Task to complete:
The answer must be only the lines below from the one holding "Bu pembe kısa" down to the one holding "Sea Green Glass", ends included, printed exactly; please omit all pictures.

Information supplied:
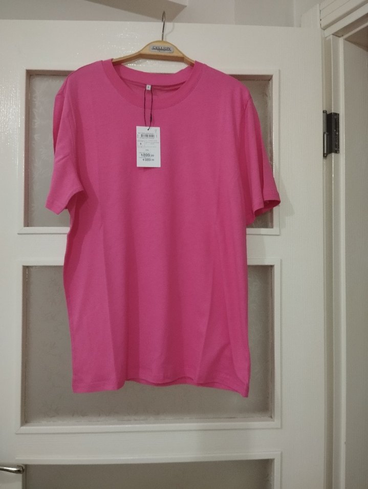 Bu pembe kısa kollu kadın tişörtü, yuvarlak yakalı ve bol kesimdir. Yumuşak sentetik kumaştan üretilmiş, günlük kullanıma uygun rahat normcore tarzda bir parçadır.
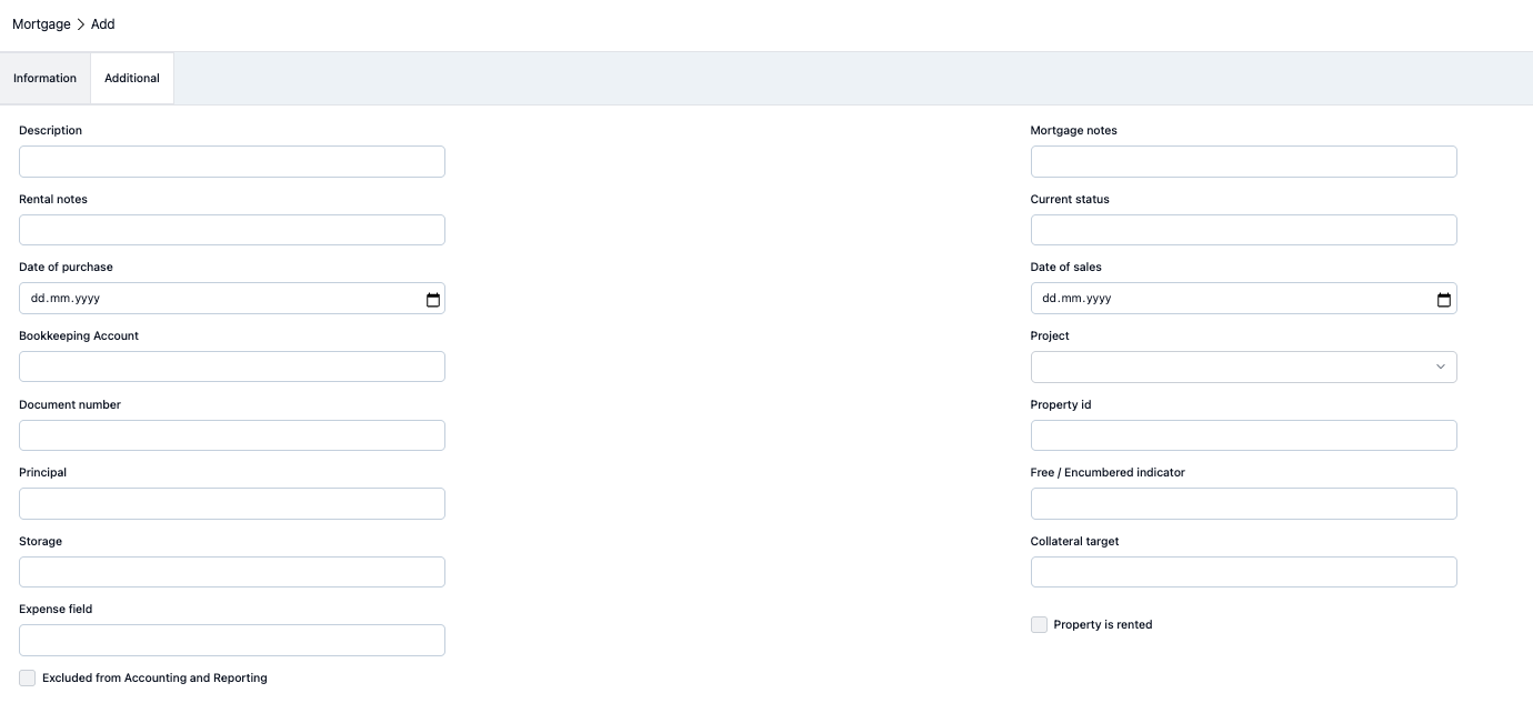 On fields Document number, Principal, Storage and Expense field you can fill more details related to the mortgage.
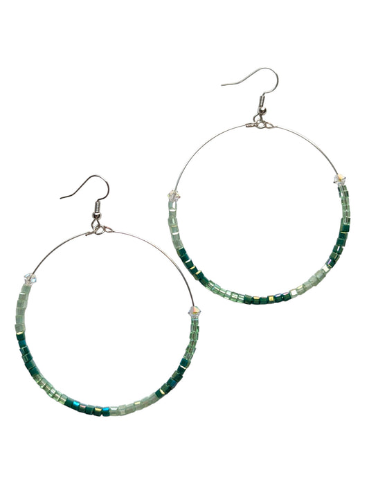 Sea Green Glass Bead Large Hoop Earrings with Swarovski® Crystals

--

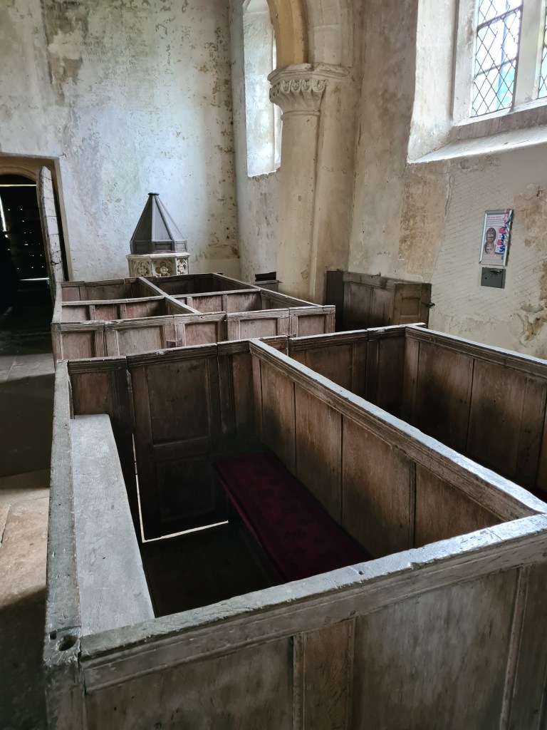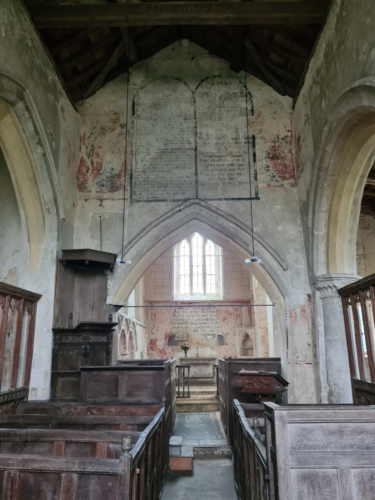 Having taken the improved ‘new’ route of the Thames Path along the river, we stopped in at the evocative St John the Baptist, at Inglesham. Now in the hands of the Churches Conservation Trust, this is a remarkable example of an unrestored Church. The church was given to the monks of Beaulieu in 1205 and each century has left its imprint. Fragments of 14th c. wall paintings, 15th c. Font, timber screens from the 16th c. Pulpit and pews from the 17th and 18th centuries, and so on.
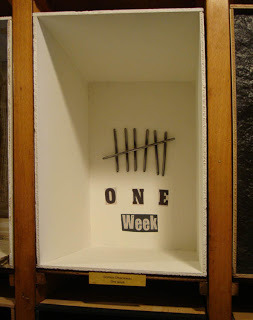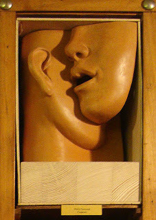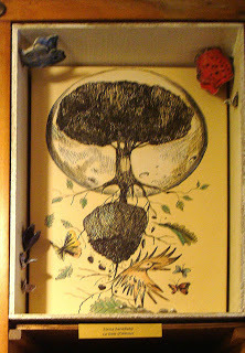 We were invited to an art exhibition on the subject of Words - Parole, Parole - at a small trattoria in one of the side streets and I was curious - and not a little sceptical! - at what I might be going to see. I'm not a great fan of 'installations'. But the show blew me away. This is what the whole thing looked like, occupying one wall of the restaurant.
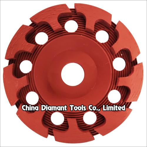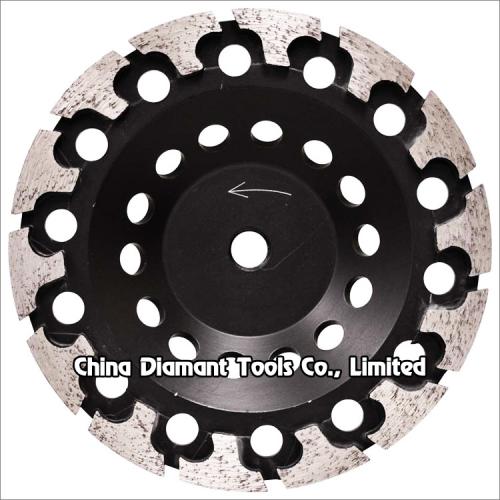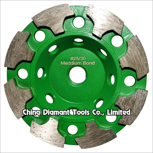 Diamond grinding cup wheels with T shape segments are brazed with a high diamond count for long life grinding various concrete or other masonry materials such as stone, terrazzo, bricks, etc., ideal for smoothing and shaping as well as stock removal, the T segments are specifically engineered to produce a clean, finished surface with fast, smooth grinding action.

---

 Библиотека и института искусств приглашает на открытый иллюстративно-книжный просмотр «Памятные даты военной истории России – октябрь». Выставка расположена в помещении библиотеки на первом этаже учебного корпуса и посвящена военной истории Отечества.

Exercise response:
 Bu pembe kısa kollu kadın tişörtü, yuvarlak yakalı ve bol kesimdir. Yumuşak sentetik kumaştan üretilmiş, günlük kullanıma uygun rahat normcore tarzda bir parçadır.
 On fields Document number, Principal, Storage and Expense field you can fill more details related to the mortgage.
 Sea Green Glass Bead Large Hoop Earrings with Swarovski® Crystals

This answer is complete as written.